“Companies and countries are partnering with Nvidia to shift the trillion-dollar traditional data centres to accelerated computing and build a new type of data centre – AI factories – to produce a new commodity: artificial intelligence,” Huang said.
Huang announced a range of new semiconductors, software and systems to power data centres, factories, consumer devices, and robots which he said would help to drive a new industrial revolution.
“Generative AI is reshaping industries and opening new opportunities for innovation and growth and we’re at the cusp of a major shift in computing,” Huang told a packed conference.

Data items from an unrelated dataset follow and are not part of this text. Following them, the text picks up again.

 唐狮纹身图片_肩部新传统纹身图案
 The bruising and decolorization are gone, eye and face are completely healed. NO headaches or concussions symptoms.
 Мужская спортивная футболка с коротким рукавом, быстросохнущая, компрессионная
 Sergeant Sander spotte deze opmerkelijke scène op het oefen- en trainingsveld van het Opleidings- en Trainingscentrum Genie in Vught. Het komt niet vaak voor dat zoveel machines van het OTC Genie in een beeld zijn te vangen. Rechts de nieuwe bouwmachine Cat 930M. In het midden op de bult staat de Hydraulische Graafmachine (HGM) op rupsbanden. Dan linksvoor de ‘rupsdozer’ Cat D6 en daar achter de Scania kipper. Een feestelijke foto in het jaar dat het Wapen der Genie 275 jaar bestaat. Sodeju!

Huang revealed a roadmap for new semiconductors that will arrive on a one-year rhythm. Revealed for the first time, the Rubin platform will succeed the upcoming Blackwell platform, featuring new GPUs, a new Arm-based CPU - Vera - and advanced networking with NVLink 6, CX9 SuperNIC and the X1600 converged InfiniBand/Ethernet switch.
“Our company has a one-year rhythm. Our basic philosophy is very simple: build the entire data centre scale, disaggregate and sell to you parts on a one-year rhythm, and push everything to technology limits,” Huang explained.

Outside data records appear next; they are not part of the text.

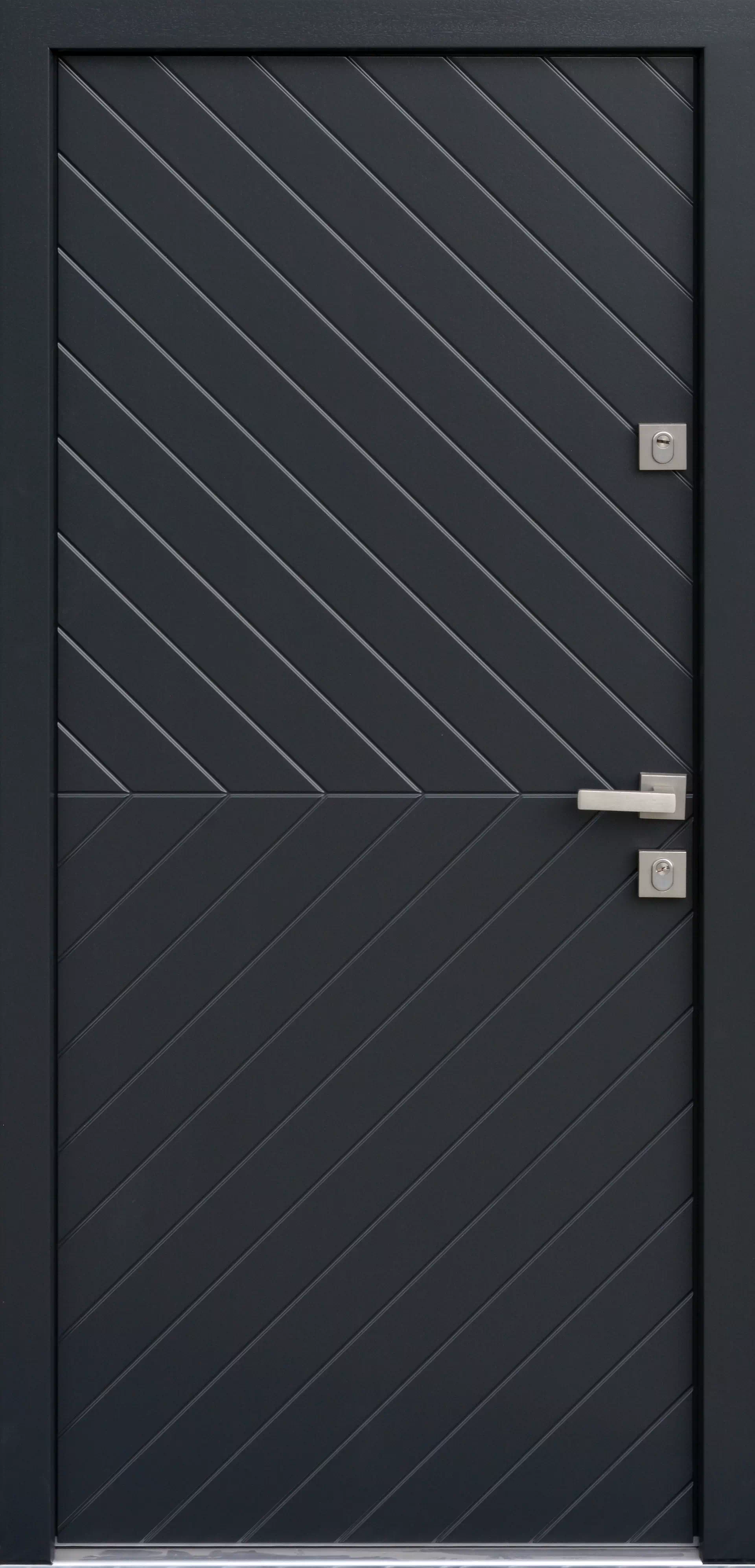 Styl charakteryzujący się skośnym układem wąskich deseczek znajduje także wielu zwolenników w naszym kraju. Powyższy, przykładowy egzemplarz drzwi zewnętrznych został wymalowany na kolor: czarne.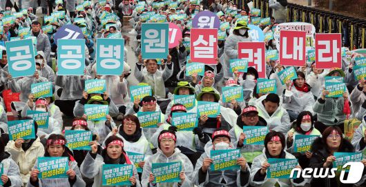 (서울=뉴스1) 김진환 기자 = 전국보건의료산업노동조합 조합원들이 6일 오후 서울 영등포구 여의도 국회 앞에서 열린 결의대회에서 정부의 공공의료 강화 및 의료진 확충, 회복기 지원 확대 등을 촉구하고 있다. 2023.12.6/뉴스1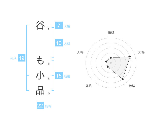 谷 も小品さんの総格は22画の1点!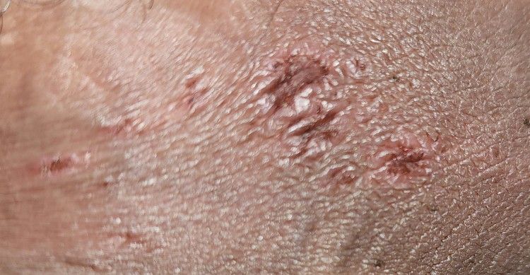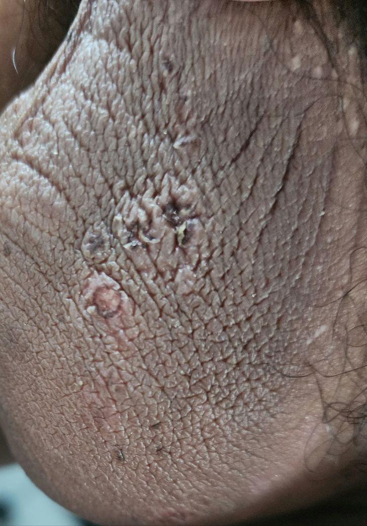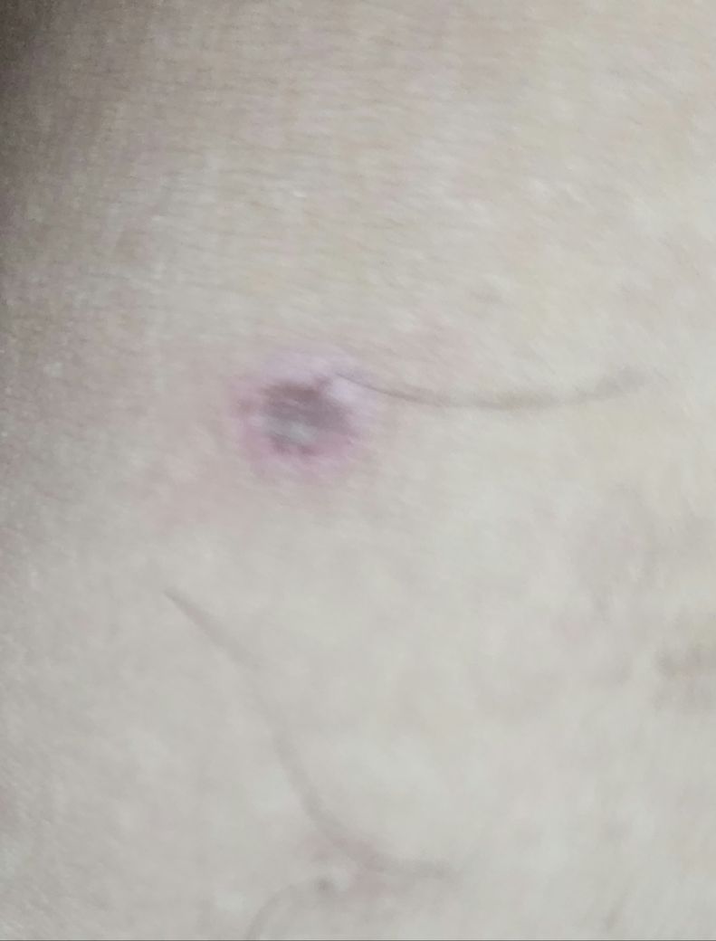 현재 딱지가 점점 생기는과정이고 3번째 사진은 환부와 닿는부위(안쪽허벅지) 가 비슷하게 궤양이 올라온것입니다.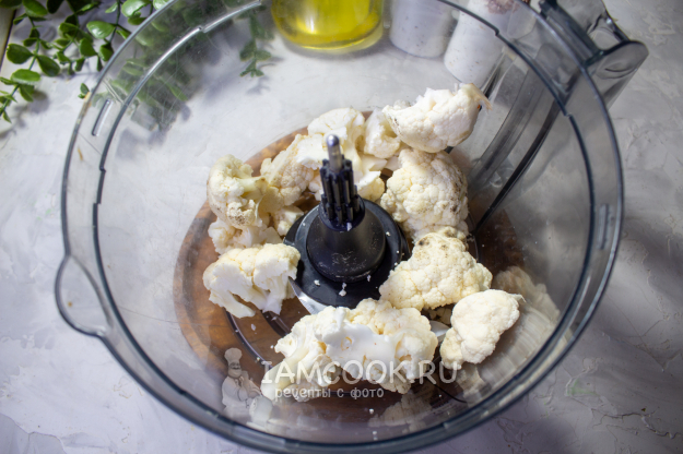 Для приготовления основы для пиццы помойте и обсушите цветную капусту. Разберите ее на соцветия и выложите в чашу измельчителя. Измельчите капусту в мелкую крошку.

According to Huang, NVIDIA is driving down the cost of turning data into intelligence.
“Accelerated computing is sustainable computing,” he emphasised, outlining how the combination of GPUs and CPUs can deliver up to a 100x speedup while only increasing power consumption by a factor of three, achieving 25x more performance per Watt over CPUs alone.
A growing number of computer manufacturers have embraced NVIDIA GPUs and networking solutions including the likes of ASRock Rack, ASUS, GIGABYTE, Ingrasys, Inventec, Pegatron, QCT, Supermicro, Wistron and Wiwynn, which are creating cloud, on-premises and edge AI systems.
The NVIDIA MGX modular reference design platform now supports Blackwell, including the GB200 NVL2 platform, and is designed for optimal performance in large language model inference, retrieval-augmented generation and data processing.
AMD and Intel are supporting the MGX architecture with plans to deliver, for the first time, their own CPU host processor module designs. Any server system builder can use these reference designs to save development time while ensuring consistency in design and performance.
In networking, Huang unveiled plans for the annual release of Spectrum-X products to cater to the growing demand for high-performance Ethernet networking for AI.
NVIDIA Spectrum-X is the first Ethernet fabric built for AI and is intended to enhance network performance by 1.6x more than traditional Ethernet fabrics. It accelerates the processing, analysis and execution of AI workloads and, in turn, the development and deployment of AI solutions.
CoreWeave, GMO Internet Group, Lambda, Scaleway, STPX Global and Yotta are among the first AI cloud service providers embracing Spectrum-X to bring extreme networking performance to their AI infrastructures.
With NVIDIA NIM, the world’s 28 million developers will now be able to create generative AI applications. NIM — inference microservices that provide models as optimised containers — can be deployed on clouds, data centres or workstations.
NIM also enables enterprises to maximize their infrastructure investments. For example, running Meta Llama 3-8B in a NIM produces up to 3x more generative AI tokens on accelerated infrastructure than without NIM.
Nearly 200 technology partners, including Cadence, Cloudera, Cohesity, DataStax, NetApp, Scale AI, and Synopsys are integrating NIM into their platforms to speed generative AI deployments for domain-specific applications, such as copilots, code assistants, and digital human avatars.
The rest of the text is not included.